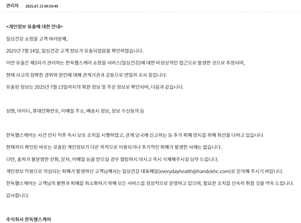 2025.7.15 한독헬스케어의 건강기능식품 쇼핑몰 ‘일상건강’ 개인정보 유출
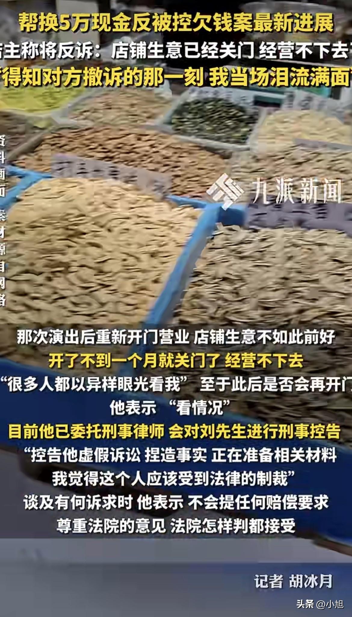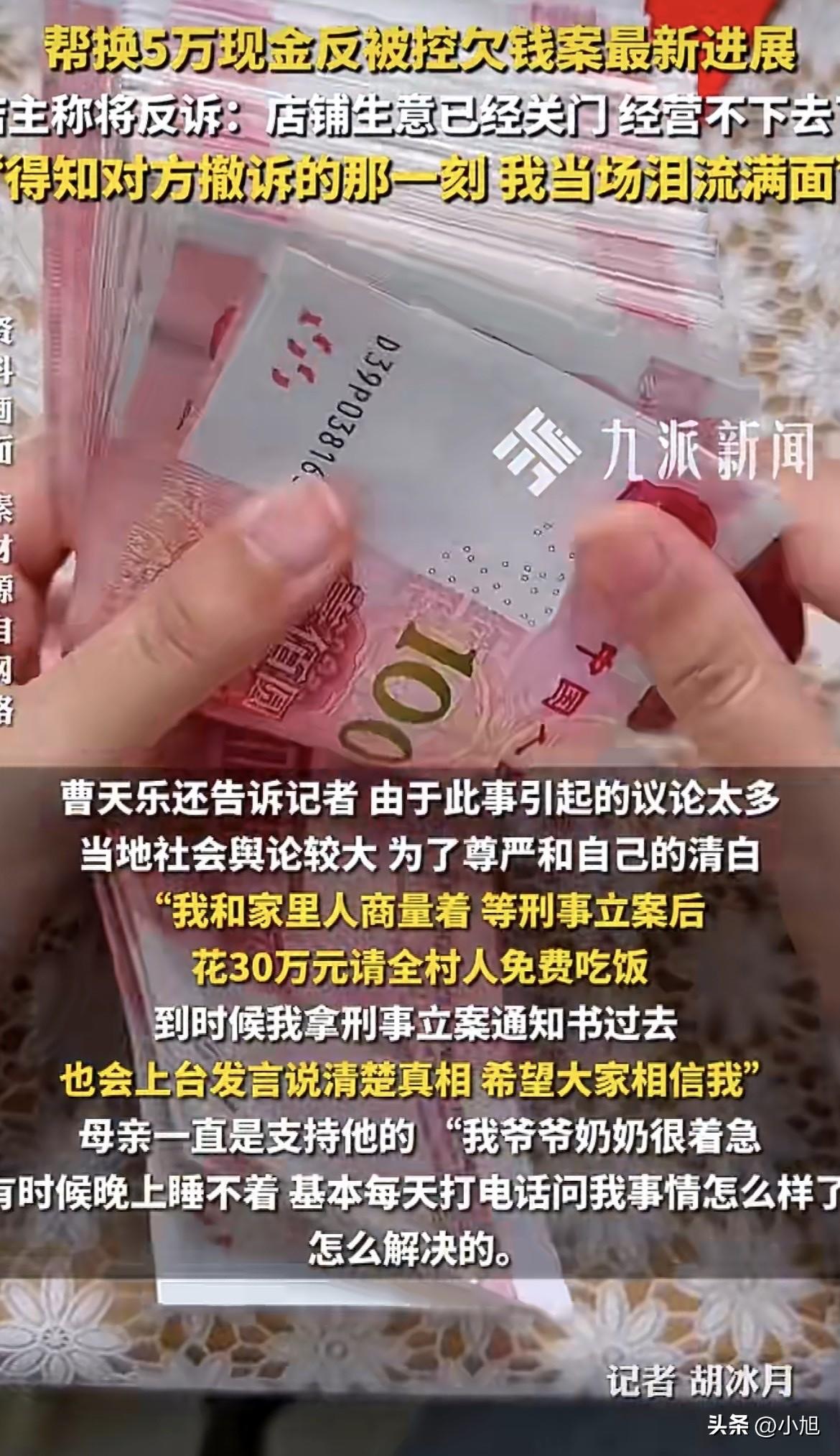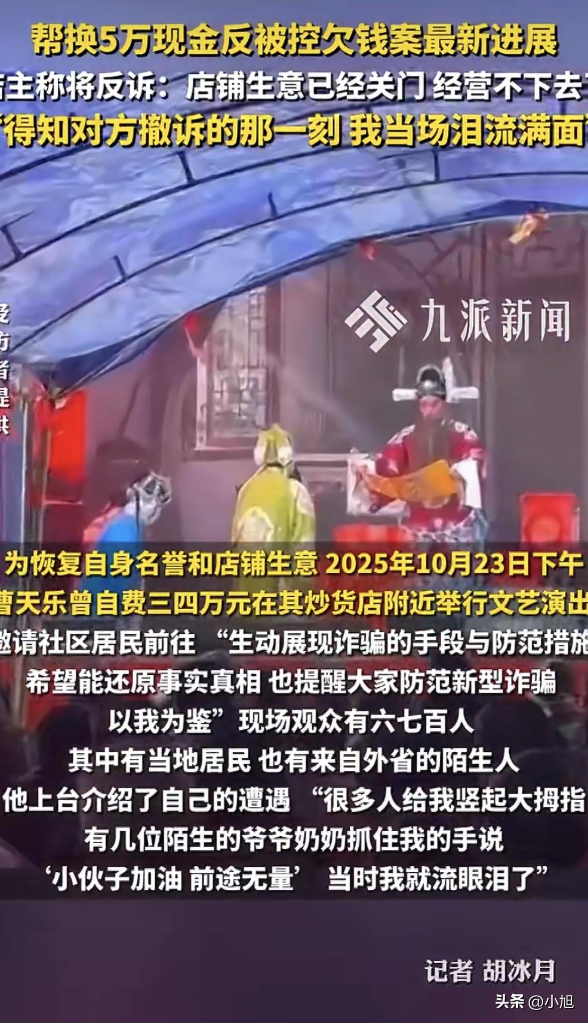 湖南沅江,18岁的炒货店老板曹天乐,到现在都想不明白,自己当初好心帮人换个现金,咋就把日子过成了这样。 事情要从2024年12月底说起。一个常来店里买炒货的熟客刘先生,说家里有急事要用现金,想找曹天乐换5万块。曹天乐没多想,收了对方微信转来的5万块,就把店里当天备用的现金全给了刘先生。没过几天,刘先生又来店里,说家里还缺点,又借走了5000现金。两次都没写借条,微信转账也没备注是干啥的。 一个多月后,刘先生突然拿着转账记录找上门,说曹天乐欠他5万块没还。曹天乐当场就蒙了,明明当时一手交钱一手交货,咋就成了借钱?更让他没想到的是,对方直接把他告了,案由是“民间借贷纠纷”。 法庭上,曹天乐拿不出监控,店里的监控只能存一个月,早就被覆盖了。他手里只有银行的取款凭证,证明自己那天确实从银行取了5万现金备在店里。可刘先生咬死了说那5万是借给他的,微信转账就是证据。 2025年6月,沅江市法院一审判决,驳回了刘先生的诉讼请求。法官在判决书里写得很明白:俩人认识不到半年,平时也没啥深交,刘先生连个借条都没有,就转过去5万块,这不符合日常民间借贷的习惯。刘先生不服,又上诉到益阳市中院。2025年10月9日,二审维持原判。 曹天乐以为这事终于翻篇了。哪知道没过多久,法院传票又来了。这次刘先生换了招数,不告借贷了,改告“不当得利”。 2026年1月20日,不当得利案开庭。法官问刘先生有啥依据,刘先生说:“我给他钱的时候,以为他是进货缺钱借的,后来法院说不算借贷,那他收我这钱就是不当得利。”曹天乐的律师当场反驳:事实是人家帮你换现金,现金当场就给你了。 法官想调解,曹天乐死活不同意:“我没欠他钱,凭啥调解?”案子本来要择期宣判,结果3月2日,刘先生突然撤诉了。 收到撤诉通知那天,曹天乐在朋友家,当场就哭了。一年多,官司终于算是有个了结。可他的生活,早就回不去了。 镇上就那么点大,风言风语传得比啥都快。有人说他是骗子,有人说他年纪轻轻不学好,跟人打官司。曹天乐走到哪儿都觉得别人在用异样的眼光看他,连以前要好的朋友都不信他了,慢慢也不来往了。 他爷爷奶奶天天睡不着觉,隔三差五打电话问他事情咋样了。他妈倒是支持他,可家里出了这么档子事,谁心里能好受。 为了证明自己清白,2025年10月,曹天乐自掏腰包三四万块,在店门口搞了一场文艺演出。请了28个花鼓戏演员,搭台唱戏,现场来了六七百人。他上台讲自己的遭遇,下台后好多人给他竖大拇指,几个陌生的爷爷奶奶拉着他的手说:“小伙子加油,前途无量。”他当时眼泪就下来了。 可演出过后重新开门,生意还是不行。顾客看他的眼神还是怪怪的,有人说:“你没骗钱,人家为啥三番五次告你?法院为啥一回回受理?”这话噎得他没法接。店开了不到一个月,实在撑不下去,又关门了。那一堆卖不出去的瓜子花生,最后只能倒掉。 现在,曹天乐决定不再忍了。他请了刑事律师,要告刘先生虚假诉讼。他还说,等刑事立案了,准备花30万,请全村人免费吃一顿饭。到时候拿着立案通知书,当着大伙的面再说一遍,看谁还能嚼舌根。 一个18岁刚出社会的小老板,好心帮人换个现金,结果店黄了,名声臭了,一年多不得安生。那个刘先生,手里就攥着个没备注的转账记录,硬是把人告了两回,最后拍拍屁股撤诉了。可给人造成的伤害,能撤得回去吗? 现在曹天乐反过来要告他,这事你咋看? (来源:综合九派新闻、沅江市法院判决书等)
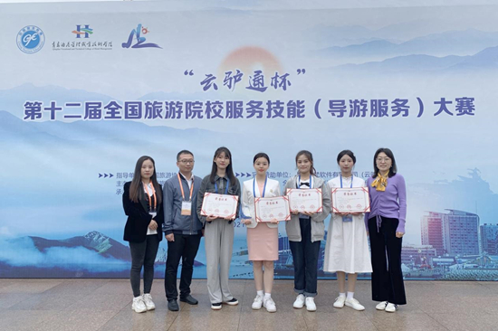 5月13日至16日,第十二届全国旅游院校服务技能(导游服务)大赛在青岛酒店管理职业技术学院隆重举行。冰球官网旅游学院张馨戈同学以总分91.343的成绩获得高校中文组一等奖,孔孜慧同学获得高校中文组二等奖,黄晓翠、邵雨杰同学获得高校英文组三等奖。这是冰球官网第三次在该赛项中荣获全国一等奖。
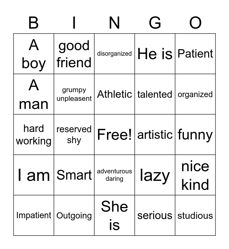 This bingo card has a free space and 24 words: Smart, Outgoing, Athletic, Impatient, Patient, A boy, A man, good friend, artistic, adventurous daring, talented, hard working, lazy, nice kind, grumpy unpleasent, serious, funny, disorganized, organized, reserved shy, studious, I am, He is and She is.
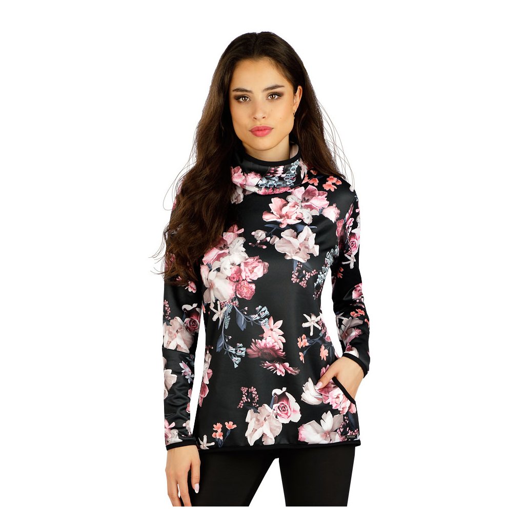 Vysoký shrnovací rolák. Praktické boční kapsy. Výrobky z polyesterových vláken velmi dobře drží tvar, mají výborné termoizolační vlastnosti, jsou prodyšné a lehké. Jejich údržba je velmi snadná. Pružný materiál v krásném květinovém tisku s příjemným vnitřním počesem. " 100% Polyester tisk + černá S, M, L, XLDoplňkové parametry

········

▶ EXERCISE DIRECTIONS
Within the entries above, give again exactly the lines starting at the one that contains "5月13日至16日,第十二届" and ending at the one that contains "This bingo card", leaving out the pictures.

▶ SOLUTION FOR THIS EXERCISE
 5月13日至16日,第十二届全国旅游院校服务技能(导游服务)大赛在青岛酒店管理职业技术学院隆重举行。冰球官网旅游学院张馨戈同学以总分91.343的成绩获得高校中文组一等奖,孔孜慧同学获得高校中文组二等奖,黄晓翠、邵雨杰同学获得高校英文组三等奖。这是冰球官网第三次在该赛项中荣获全国一等奖。
 This bingo card has a free space and 24 words: Smart, Outgoing, Athletic, Impatient, Patient, A boy, A man, good friend, artistic, adventurous daring, talented, hard working, lazy, nice kind, grumpy unpleasent, serious, funny, disorganized, organized, reserved shy, studious, I am, He is and She is.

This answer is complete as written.